=== Begin Enclosure ===

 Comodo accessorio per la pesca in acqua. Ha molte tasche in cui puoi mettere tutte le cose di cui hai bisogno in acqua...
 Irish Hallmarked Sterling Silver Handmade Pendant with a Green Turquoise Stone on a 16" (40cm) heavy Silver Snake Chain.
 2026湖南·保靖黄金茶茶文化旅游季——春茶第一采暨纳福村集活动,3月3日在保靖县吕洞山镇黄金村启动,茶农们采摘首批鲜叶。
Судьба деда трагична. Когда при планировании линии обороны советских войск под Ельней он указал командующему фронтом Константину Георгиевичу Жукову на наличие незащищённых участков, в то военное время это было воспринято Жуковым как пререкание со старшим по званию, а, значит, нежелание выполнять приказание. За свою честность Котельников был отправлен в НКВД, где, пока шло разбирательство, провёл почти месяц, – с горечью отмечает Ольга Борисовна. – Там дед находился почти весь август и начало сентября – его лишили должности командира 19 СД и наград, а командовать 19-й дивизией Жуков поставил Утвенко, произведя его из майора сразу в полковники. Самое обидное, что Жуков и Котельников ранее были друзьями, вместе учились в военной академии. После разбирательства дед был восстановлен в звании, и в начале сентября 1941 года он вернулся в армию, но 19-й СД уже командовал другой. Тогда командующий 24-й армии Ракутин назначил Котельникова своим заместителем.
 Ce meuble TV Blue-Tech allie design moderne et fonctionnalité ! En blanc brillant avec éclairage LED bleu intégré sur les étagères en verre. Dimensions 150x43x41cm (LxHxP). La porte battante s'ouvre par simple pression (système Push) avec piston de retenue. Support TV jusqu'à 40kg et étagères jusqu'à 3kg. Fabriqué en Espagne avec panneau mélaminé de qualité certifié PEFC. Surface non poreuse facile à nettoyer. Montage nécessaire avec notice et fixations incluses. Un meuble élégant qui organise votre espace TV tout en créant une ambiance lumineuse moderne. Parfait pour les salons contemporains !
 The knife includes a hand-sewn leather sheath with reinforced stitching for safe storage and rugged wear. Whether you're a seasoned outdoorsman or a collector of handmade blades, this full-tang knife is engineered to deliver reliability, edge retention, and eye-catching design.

=== End Enclosure ===

--- Task description ---
Retype only the lines running from the top of the listing to the line that holds "Судьба деда трагична.", both ends included.

--- Your solution ---
 Comodo accessorio per la pesca in acqua. Ha molte tasche in cui puoi mettere tutte le cose di cui hai bisogno in acqua...
 Irish Hallmarked Sterling Silver Handmade Pendant with a Green Turquoise Stone on a 16" (40cm) heavy Silver Snake Chain.
 2026湖南·保靖黄金茶茶文化旅游季——春茶第一采暨纳福村集活动,3月3日在保靖县吕洞山镇黄金村启动,茶农们采摘首批鲜叶。
Судьба деда трагична. Когда при планировании линии обороны советских войск под Ельней он указал командующему фронтом Константину Георгиевичу Жукову на наличие незащищённых участков, в то военное время это было воспринято Жуковым как пререкание со старшим по званию, а, значит, нежелание выполнять приказание. За свою честность Котельников был отправлен в НКВД, где, пока шло разбирательство, провёл почти месяц, – с горечью отмечает Ольга Борисовна. – Там дед находился почти весь август и начало сентября – его лишили должности командира 19 СД и наград, а командовать 19-й дивизией Жуков поставил Утвенко, произведя его из майора сразу в полковники. Самое обидное, что Жуков и Котельников ранее были друзьями, вместе учились в военной академии. После разбирательства дед был восстановлен в звании, и в начале сентября 1941 года он вернулся в армию, но 19-й СД уже командовал другой. Тогда командующий 24-й армии Ракутин назначил Котельникова своим заместителем.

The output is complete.